Il primo "formale" impone che nell'atto notarile, a pena di nullità, debbano essere menzionati - a seconda dell'epoca di costruzione - gli estremi della licenza o della concessione edilizia o del permesso di Costruire/DIA, e comunque di ogni titolo abilitativo in sanatoria in caso di costruzione realizzata in assenza di provvedimento autorizzativo, oppure in totale difformità dallo stesso. Per gli interventi anteriori al primo settembre 1967 è valido l'atto nel quale anziché gli estremi della licenza sia riportata o allegata apposita dichiarazione sostitutiva di atto di notorietà nella quale venga attestato per l'appunto l'avvenuto inizio dei lavori di costruzione sin da data anteriore al 1 settembre 1967. La mancanza nell'atto del requisito formale, determina la nullità dell'atto.
E poi altrettanto importante il requisito sostanziale. Infatti, affinché sia valido, l'atto notarile deve anche avere per oggetto edifici commerciabili. Gli abusi edilizi che causano l'incommerciabilità sono esclusivamente gli 'abusi maggiori', quali la costruzione in assenza di licenza o concessione o genericamente titolo abilitativo, ovvero la costruzione in totale difformità da esso, tra i quali può ben rientrare anche un intervento di ristrutturazione che porti ad un organismo edilizio in parte diverso da quello precedente.

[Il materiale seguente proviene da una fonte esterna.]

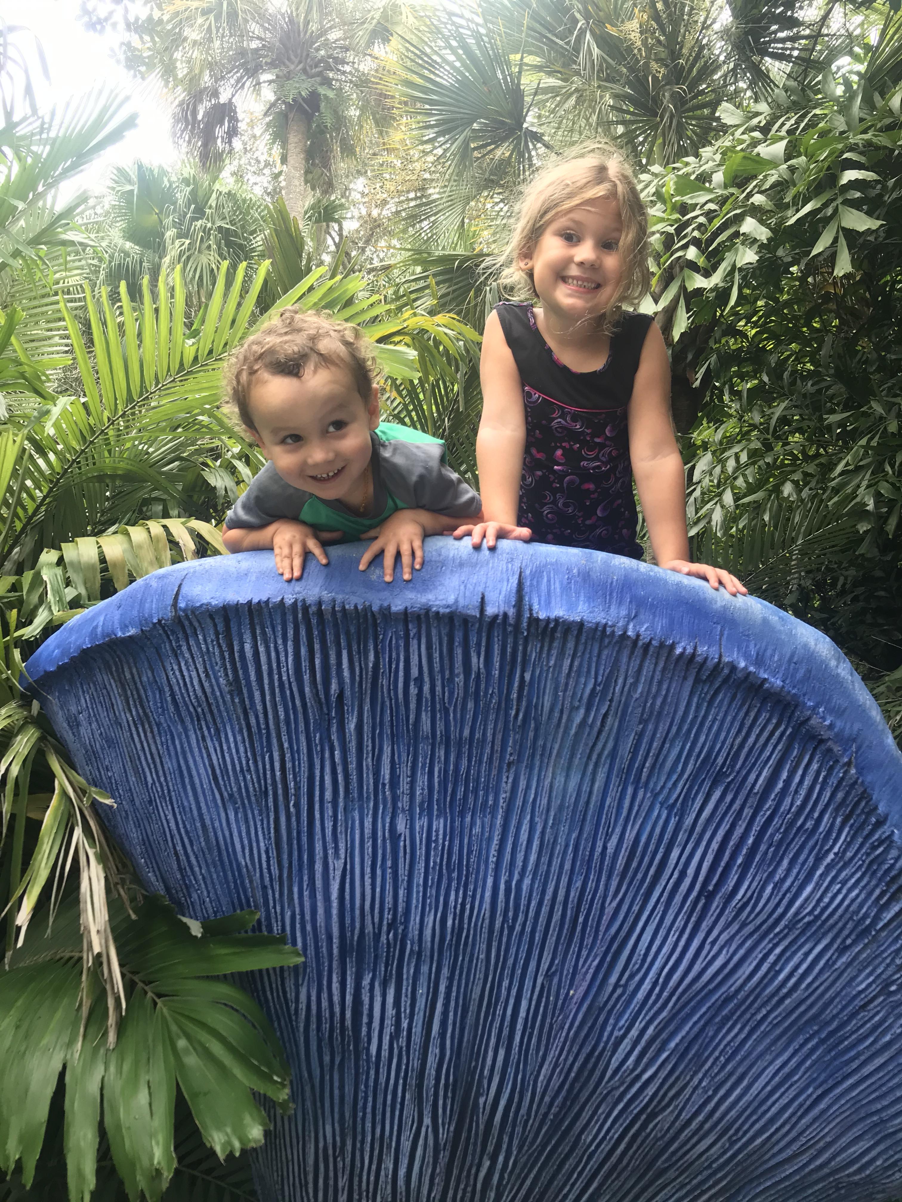 Watercolor painting of two children peeking over a large blue mushroom in a tropical garden.

Nel caso specifico occorre verificare se il mutamento che lei ha riscontrato, che pare un abuso minore, sia stato o meno legittimato sotto il profilo urbanistico, cioè occorre verificare, o meglio far verificare da un esperto, i progetti dell'edificio e i relativi atti del Comune.

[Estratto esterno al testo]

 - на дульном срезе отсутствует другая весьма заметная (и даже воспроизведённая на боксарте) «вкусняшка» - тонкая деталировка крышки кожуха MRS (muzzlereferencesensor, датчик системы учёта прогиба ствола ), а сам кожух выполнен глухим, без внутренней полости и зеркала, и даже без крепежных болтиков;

Ove procedesse a una ristrutturazione, occorrerebbe preventivamente sanare le eventuali difformità rispetto a quanto licenziato agli atti del Comune, talchè potrebbe doversi trovare ad affrontare una spesa non prevista (magari pagando anche sanzioni) in ragione di difformità non regolarizzate realizzate dal suo dante causa.

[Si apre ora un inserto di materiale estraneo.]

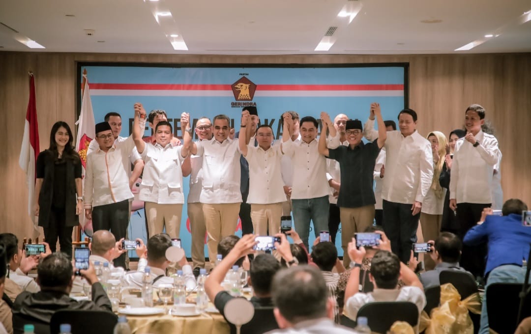 “Ditandatangani Ketum Prabowo dan Sekjen Muzani. Untuk Banten maju menang,” kata Ketua Harian Partai Gerindra Sufmi Dasco Ahmad dalam sambutannya.

Il suggerimento è di visionare attentamente le pratiche edilizie agli atti del Comune oltre a fare le opportune verifiche catastali in quanto occorre che tra quanto in progetto agli atti del Comune e quanto depositato in catasto vi sia assoluta conformità. Infatti i controlli sulla conformità catastale di un immobile e sulla sua regolarità a livello urbanistico, sono tra i passi più importanti da compiere prima di procedere a una regolare compravendita immobiliare.
Per limitare questo rischio, che pregiudica la regolare circolazione degli immobili, e da sempre costituisce un problema sia per chi vende che per chi acquista, è stato siglato un protocollo d'intesa tra il Consiglio nazionale del Notariato e quello dei Geometri e Geometri Laureati, per avviare una collaborazione. L'accordo prevede la diffusione nei trasferimenti immobiliari di una perizia tecnica facoltativa, redatta dal geometra nella quale risulti la conformità catastale allo stato di fatto e l'esame edilizio e urbanistico.
E su questa linea già tracciata a livello nazionale, il Consiglio Notarile di Modena ha in corso la sottoscrizione di un Protocollo d'intesa con il Collegio dei Geometri di Modena.